The holidays have ended and it is time to once again leave behind the fun and fellowship so unique to this wonderful time of year. I confess that for me this is hard, especially this year when our oldest is away from home serving in the Marine Corps. I love the Christmas season and everything about it; the weather, the carols, the gatherings with family and friends; it is simply my favorite time of year. There is something wonderfully nostalgic about Christmas (at least for me) that yields a wonderful mixture of feelings rich in joy, hope and comfort. Christmas offers a unique time of fellowship with family and friends that restores my soul in so many ways but sadly it passes quickly and so I find myself once again in the pull of everyday life with all of its pressures and challenges.

For those who have been called by His grace; it is indeed a time of rest and respite from a world that "groans" under the weight of sin and suffering. However, as much as I may want to remain within this psychological and spiritual refuge I cannot nor can any of us. While the temptation may be to remain in permanent retreat or seclude ourselves from the world, we simply cannot if we love Christ. It is into this fallen world with its warring forces that we must return as soldiers in the Lord's army.

The Prophet Jeremiah warned the Israelites long ago that the priests were falsely proclaiming that "all is well" saying, "They dress the wound of my people as though it were not serious. 'Peace, peace,' they say, when there is no peace" (Jeremiah 6:14).
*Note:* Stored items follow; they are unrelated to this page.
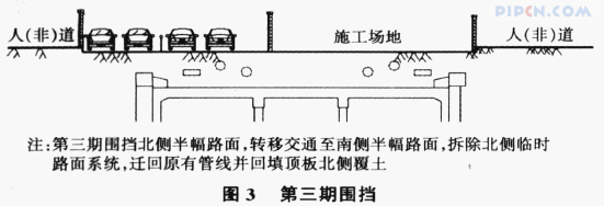 第三期围挡:在车站主体结构施工完成后,进行车站南侧顶板回填并恢复汉中路南侧半幅路面,作为施工阶段的临时道路,占用汉中路北半幅路面进行施工围挡,组织车站北侧临时路面系统的拆除并恢复汉中路北半幅道路。对跨上海路段部分的贝雷梁拆除施工采取局部倒边施工的办法予以解决(见图3)。
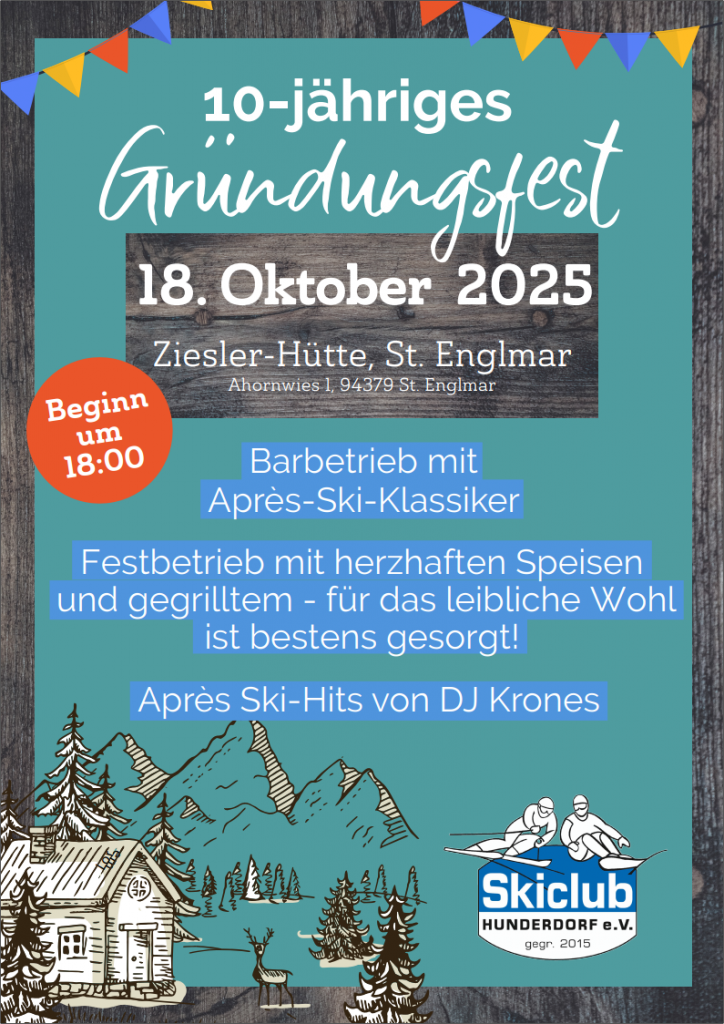 Home Events 10. Jähriges Gründungsfest 10. Jähriges Gründungsfest Hüttenfest zum 1o-jährigen Jubiläum. 00 Tage 00 Stunden 00 Minuten 00 Sekunden Datum Okt. 18 2025 - Okt. 19 2025 Uhrzeit 6:00 pm - 2:00 am Ort Skihütte Ahornwiese 1 Sankt Englmar Kategorie Ohne Anmeldung Diese Veranstaltung teilen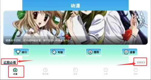 2、借助动漫栏目的近期必看推荐板块,用户可以浏览精选的内容,还能查看完整的推荐列表。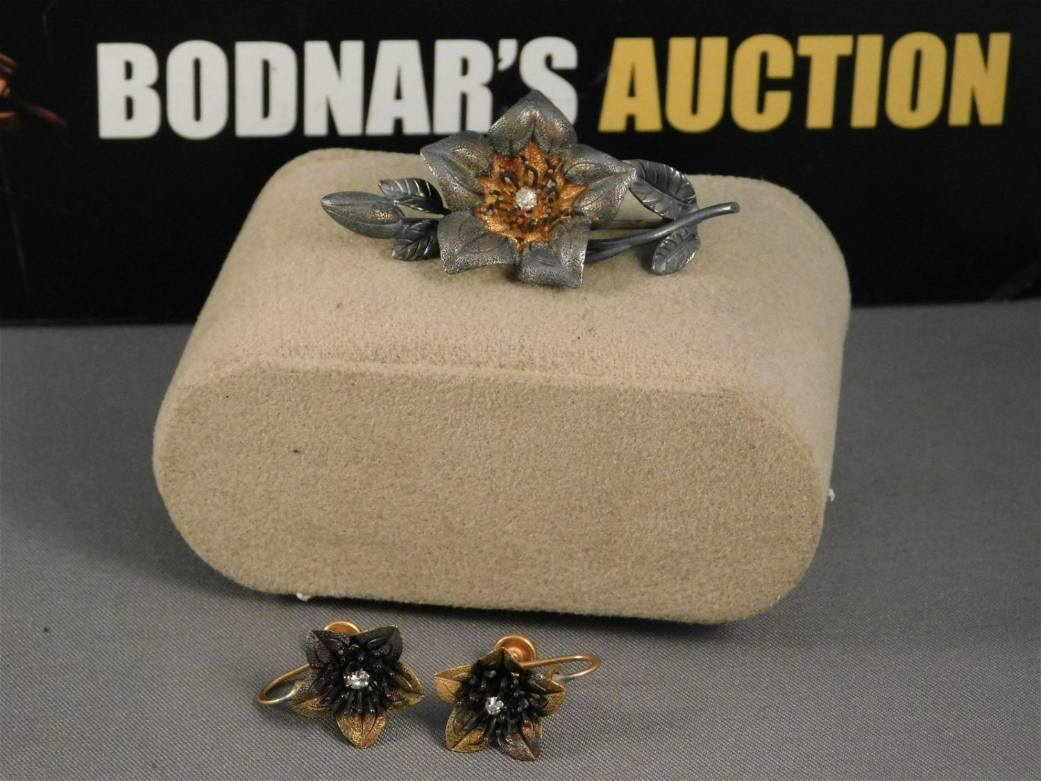 10K yellow gold flower pin and screw back earring set. Each flower has a stone in the center, possibly a white topaz. The earrings are marked and the pin was tested. The pin has some tarnishing. Measures approx. 1/2" – 2". All invoices must be paid within 24 hours of the sale. All items are shipped USPS or UPS and will be billed separately. A $12 handling fee is added to the shipping price per lot if shipped in house. Some items or large quantity of purchases will be packed and shipped via the UPS store. Local pickups are at our South Brunswick location on Friday, Saturday and Monday ONLY! All pickups are by appointment only. Any condition issues will be listed in the description. Please read the terms for full information.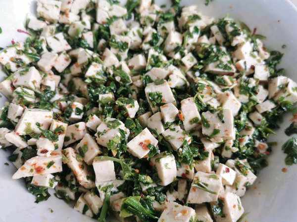 3,香椿芽燙好之後,用手掐一下香椿莖,如果比較老可以去掉,隻留下嫩的地方。接著再把香椿芽切碎放入大碗中,然後把豆腐也切成小塊一起放進去。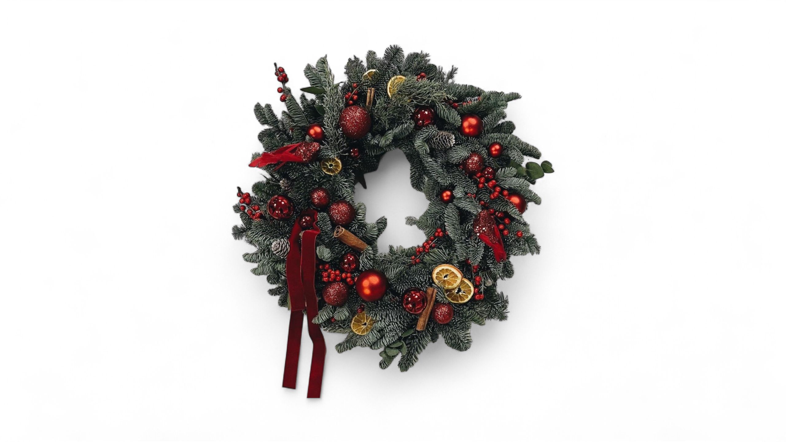 Durvju vainags no baltegles ar dekoru. Attēlam ir informatīvs raksturs.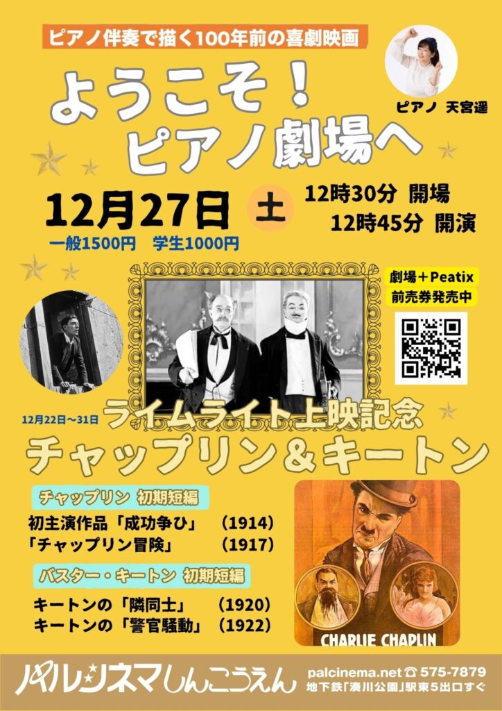 映画「チャップリン」公開記念パルシネマでは12月22日より「ライムライト」上演天宮遥さんを伴奏に迎えたパルシネマ無声映画…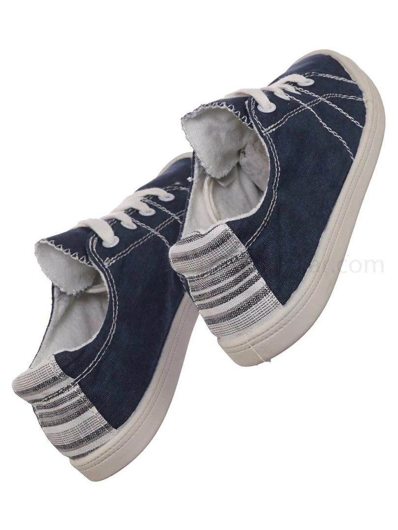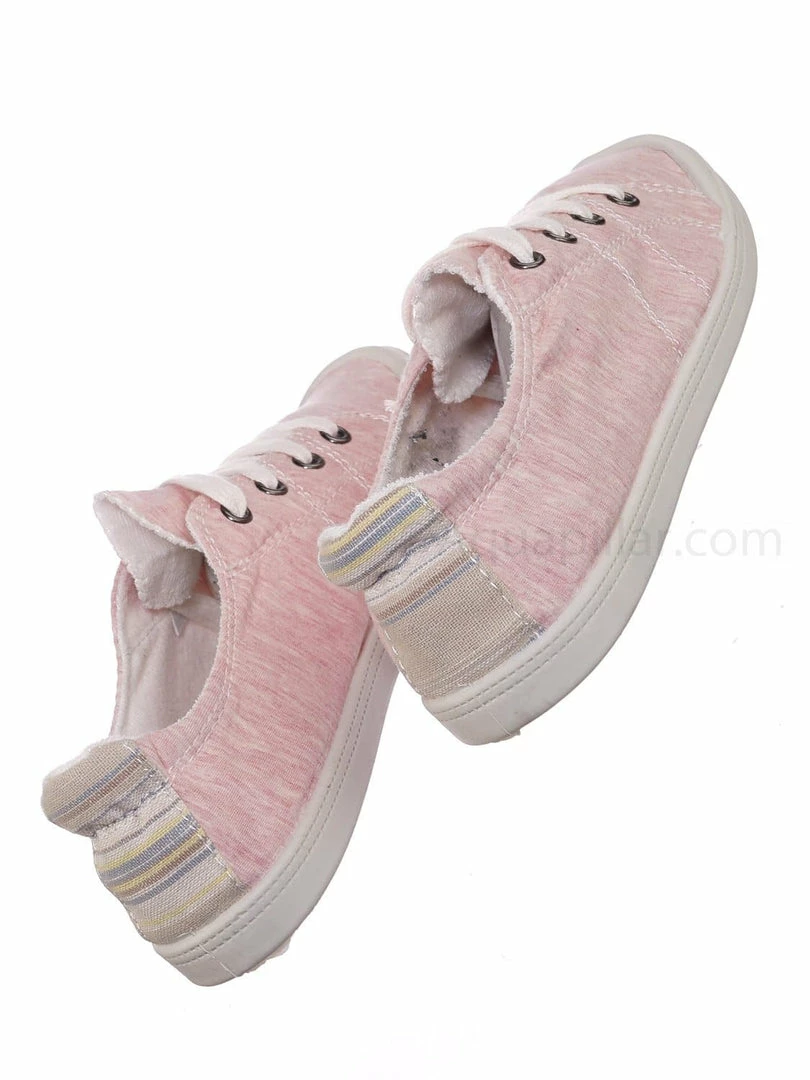 Product Detail : These fashion casual tennis shoes features a rubber flexible platform, lace up closure, low top construction, soft insoles, multi colored back heel tab, raw edges.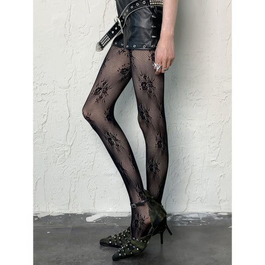 Ruffled Lace Trim Fishnet Thigh-High Stockings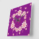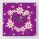 Relojes de pared de bonito con un patrón de remolinos y flores rosas sobre un fondo morado. Estos preciosos relojes personalizados vienen en 2 formas -cuadradas y redondeadas- y lucen encantadores en un dormitorio de chica.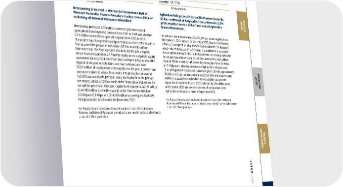 FRANCO-NEVADA CORPORATION 95 THE GOLD INVESTMENT THAT WORKS Aphrodite Gold project is located in Western Australia, 65 km northwest of Kalgoorlie. Franco-Nevada’s 2.5% gross royalty covers a 29 km 2 area and all Aphrodite Mineral Resources. An advance minimum royalty of A$250,000 per annum applies from November 1, 2017 onward. In December 2021, Bardoc Gold Limited (“Bardoc”) accepted an offer from St Barbara Limited (“St Barbara”) which valued Bardoc at A$157 million. The acquisition is scheduled for completion in April 2022. St Barbara intends to develop Aphrodite in conjunction with an expansion of the Laverton Processing Plant, located 180 km north by rail, increasing throughput from 1.4 Mtpa to 2.1 Mtpa and allowing treatment of Aphrodite’s refractory ore. The mill expansion is expected to increase production by approximately 90,000 ounces per annum, with an expected 80% of the incremental mill feed sourced from Aphrodite. A prefeasibility study on the expansion is expected in June 2022, followed by a feasibility study in December 2022 and commencement of construction of the Aphrodite underground mine in September 2023. For Royalty Ounce calculation, Franco-Nevada estimates 100% of Mineral Reserves and Mineral Resources are subject to our royalty interest and estimates a rate of 2.5% is applicable Aphrodite Au Australia, Rest of World Operator: Bardoc Gold Limited Royalty: GR: 2.5% Precious Metals Bronzewing is located in the Yandal Greenstone Belt of Western Australia. Franco-Nevada’s royalty covers 590 km 2 including all Mineral Resources identified. Bronzewing produced 2.19 million ounces of gold from several open-pit and underground deposits from 1994 to 2004 and a further 0.19 million ounces from open-pit deposits from 2010 to 2013. The project has changed ownership several times since 2013. Northern Star acquired the project in November 2019 in an A$193 million take-over deal. The Yandal project also includes the Julius deposit where Franco-Nevada has a 1.5% NSR royalty under a separate royalty agreement. During 2021, Northern Star developed Julius as a satellite deposit of the Jundee Gold Mine and Franco-Nevada received $0.07 million of royalty revenue from Julius for the year. Northern Star announced plans to return Bronzewing into production at a rate of 150,000 ounces of gold per year, using the Orelia Pit as the primary ore source, which is 100 km north of the Thunderbox Mill, where the ore will be processed. Allocated capital for the project is A$270 million; (i) A$180 million to double capacity at the Thunderbox Mill from 3.0 Mtpa to 6.0 Mtpa and (ii) A$90 million to develop the Orelia Pit. First production is scheduled for December 2022. For Royalty Ounce calculation, Franco-Nevada estimates 100% of Mineral Reserves and Mineral Resources are subject to our royalty interest and estimates a rate of 2.0% is applicable Yandal (Bronzewing) Au Australia, Rest of World Operator: Northern Star Resources Limited Royalty: NSR: 2% Precious Metals PRECIOUS METALS DIVERSIFIED ASSETS RESERVES AND RESOURCES ADDITIONAL INFORMATION Rest of World Other Rest of World Assets Rest of World Precious Metals Please refer to the tables on pages 128-136 for a breakout of grade and tonnages by Mineral Resource category.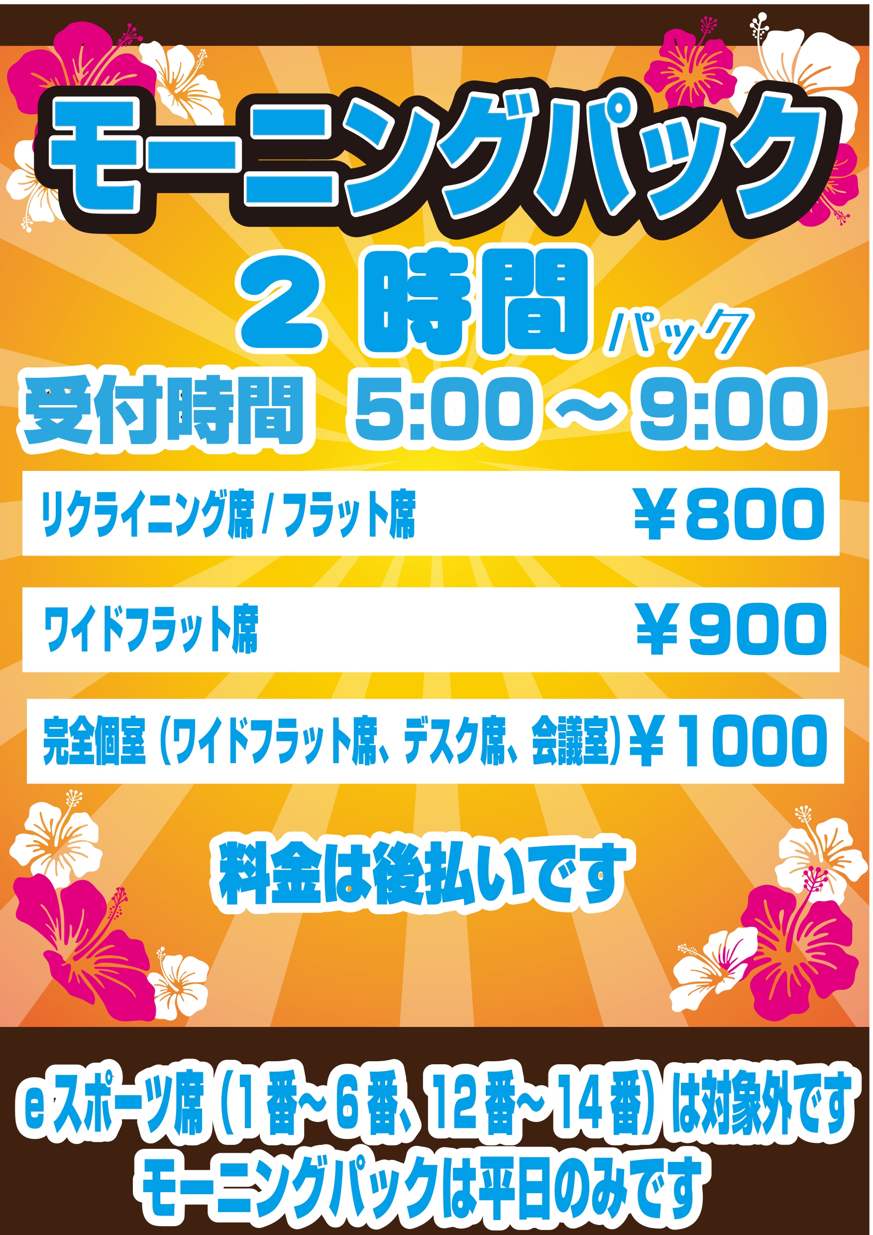 5時~9時の間にご入店いただいたお客様限定で、とってもお得なモーニングパックがスタートしました!
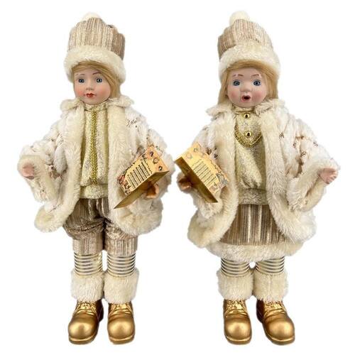 Kit de Natal Crianças Creme/Dourado Grande Musical - 45 cm Adicione um toque de encanto e sofisticação à sua decoração natalina com o Kit de Natal Crianças Creme/Dourado Grande Musical de 45 cm. Este conjunto encantador apresenta figuras de crianças em tons elegantes de creme e dourado, trazendo uma atmosfera de luxo e alegria para qualquer ambiente. Com sua função musical integrada, este kit não só enfeita o espaço, mas também preenche o ambiente com a melodia mágica do Natal, tornando-o perfeito para lojas e lares. Características do Produto: Dimensões: 45 cm de altura, 12 cm de comprimento, 32 cm de largura. Peso: 2,050 kg, garantindo estabilidade e durabilidade. Material: Tecido de alta qualidade e resina resistente, proporcionando um acabamento refinado e duradouro. Função Musical: O kit inclui uma função musical que enriquece a experiência decorativa, criando um ambiente festivo e envolvente. Design Elegante: As cores creme e dourado oferecem um visual sofisticado e luxuoso, ideal para quem busca uma decoração natalina de alto padrão. Detalhes Ricos: Cada figura é detalhadamente elaborada, capturando a beleza e a inocência do Natal em suas expressões e vestimentas ornamentadas.

In other words, they were denying the reality of their own condition. They were complacent and unfaithful and contented themselves with being so. We too are tempted to convince ourselves that "all is well." We tend to resist the radical life of following Christ (seeking to bring forth the kingdom) opting instead for what is comfortable. Rather than wading into this world drenched in sorrow, suffering, and conflict, and assuming our place in redeeming it, we tend to retreat into a world of our own making-a place of comfort and safety. As much as we may want to give in to this temptation, we cannot if we desire to be obedient in seeking first the kingdom.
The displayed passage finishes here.